[DATASET EXCERPTS — start]
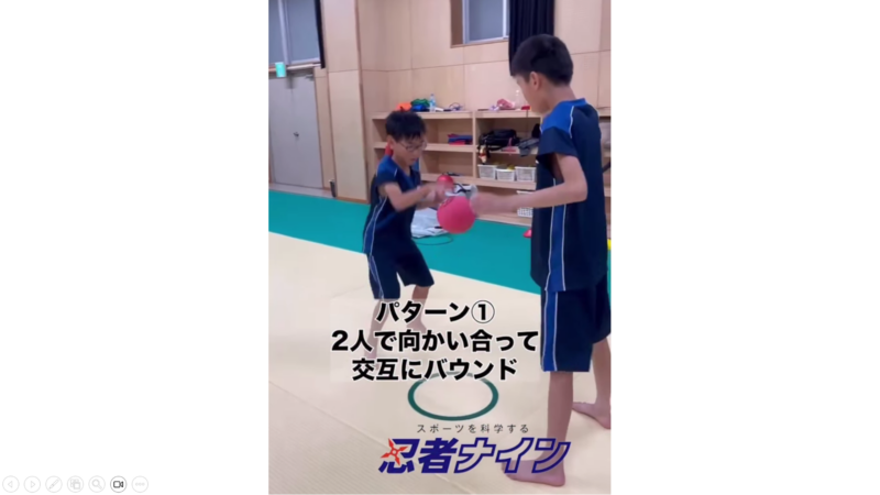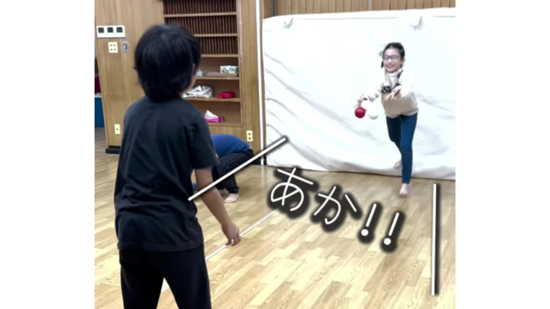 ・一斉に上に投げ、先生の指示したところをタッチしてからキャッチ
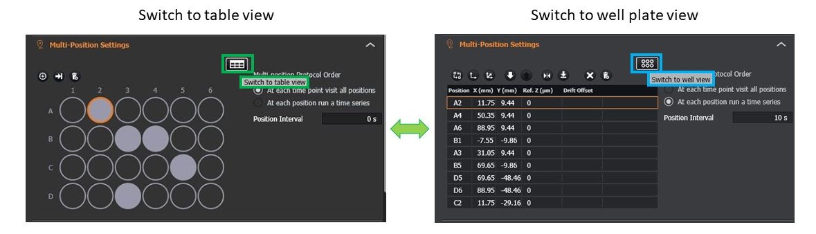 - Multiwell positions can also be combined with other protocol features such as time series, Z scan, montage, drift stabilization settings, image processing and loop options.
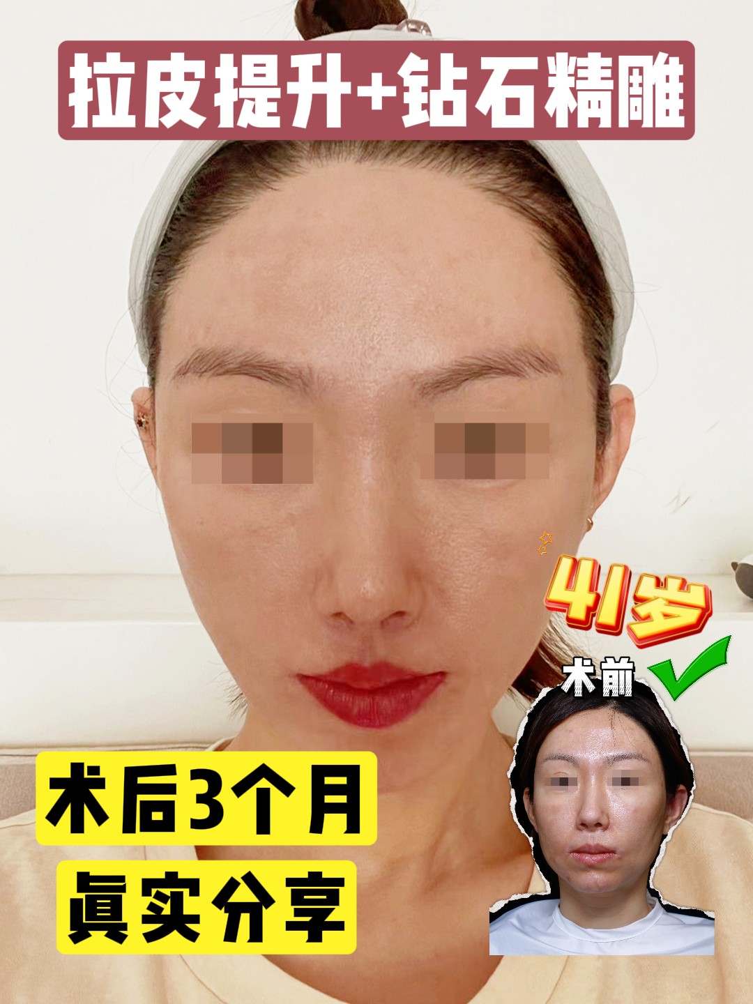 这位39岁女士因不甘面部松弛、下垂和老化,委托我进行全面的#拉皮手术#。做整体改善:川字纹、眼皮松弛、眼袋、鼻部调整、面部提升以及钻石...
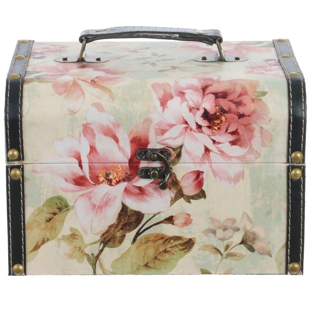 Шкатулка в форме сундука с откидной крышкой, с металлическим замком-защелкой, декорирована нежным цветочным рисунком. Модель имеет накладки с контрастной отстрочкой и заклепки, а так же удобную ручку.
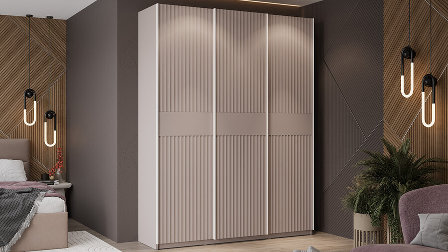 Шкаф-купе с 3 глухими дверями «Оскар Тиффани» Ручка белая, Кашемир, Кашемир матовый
[DATASET EXCERPTS — finish]
[DATASET EXCERPTS — start]
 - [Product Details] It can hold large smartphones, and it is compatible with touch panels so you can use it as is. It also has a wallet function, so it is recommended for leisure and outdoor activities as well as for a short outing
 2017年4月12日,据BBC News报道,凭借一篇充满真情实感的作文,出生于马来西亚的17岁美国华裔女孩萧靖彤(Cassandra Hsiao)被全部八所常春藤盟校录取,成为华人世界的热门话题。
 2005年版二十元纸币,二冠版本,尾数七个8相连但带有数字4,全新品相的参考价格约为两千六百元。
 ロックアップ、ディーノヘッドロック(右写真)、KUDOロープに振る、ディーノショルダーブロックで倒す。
[DATASET EXCERPTS — finish]
[DATASET EXCERPTS — start]
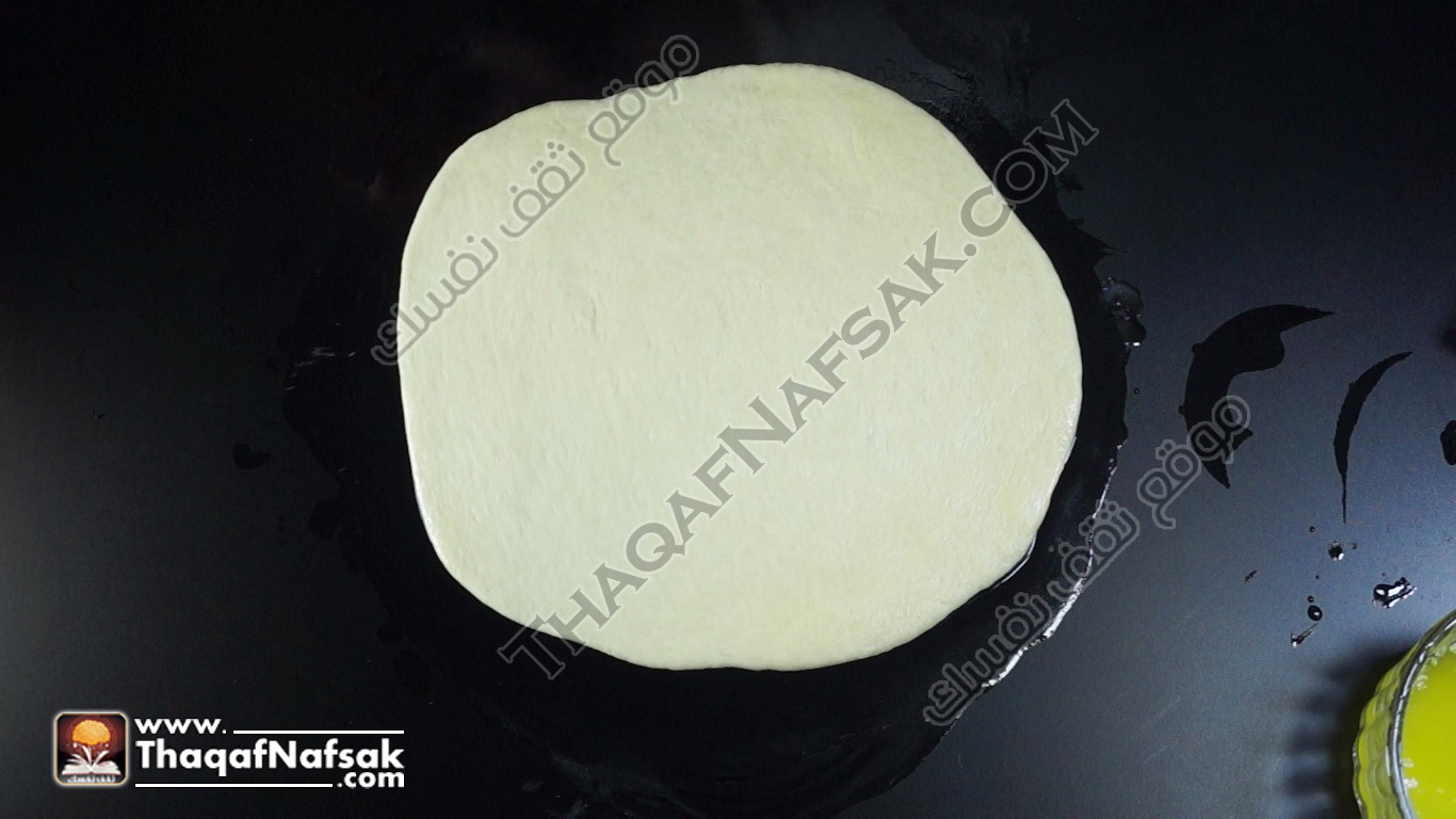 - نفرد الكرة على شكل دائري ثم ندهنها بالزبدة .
[DATASET EXCERPTS — finish]
◆ WHAT YOU ARE ASKED TO DO ◆
The answer should consist only of the lines above from the one with "这位39岁女士因不甘面部松弛" through the one with "Шкаф-купе с 3", repeated exactly, with no pictures among them.

◆ ANSWER TO THIS TASK ◆
 这位39岁女士因不甘面部松弛、下垂和老化,委托我进行全面的#拉皮手术#。做整体改善:川字纹、眼皮松弛、眼袋、鼻部调整、面部提升以及钻石...
 Шкатулка в форме сундука с откидной крышкой, с металлическим замком-защелкой, декорирована нежным цветочным рисунком. Модель имеет накладки с контрастной отстрочкой и заклепки, а так же удобную ручку.
 Шкаф-купе с 3 глухими дверями «Оскар Тиффани» Ручка белая, Кашемир, Кашемир матовый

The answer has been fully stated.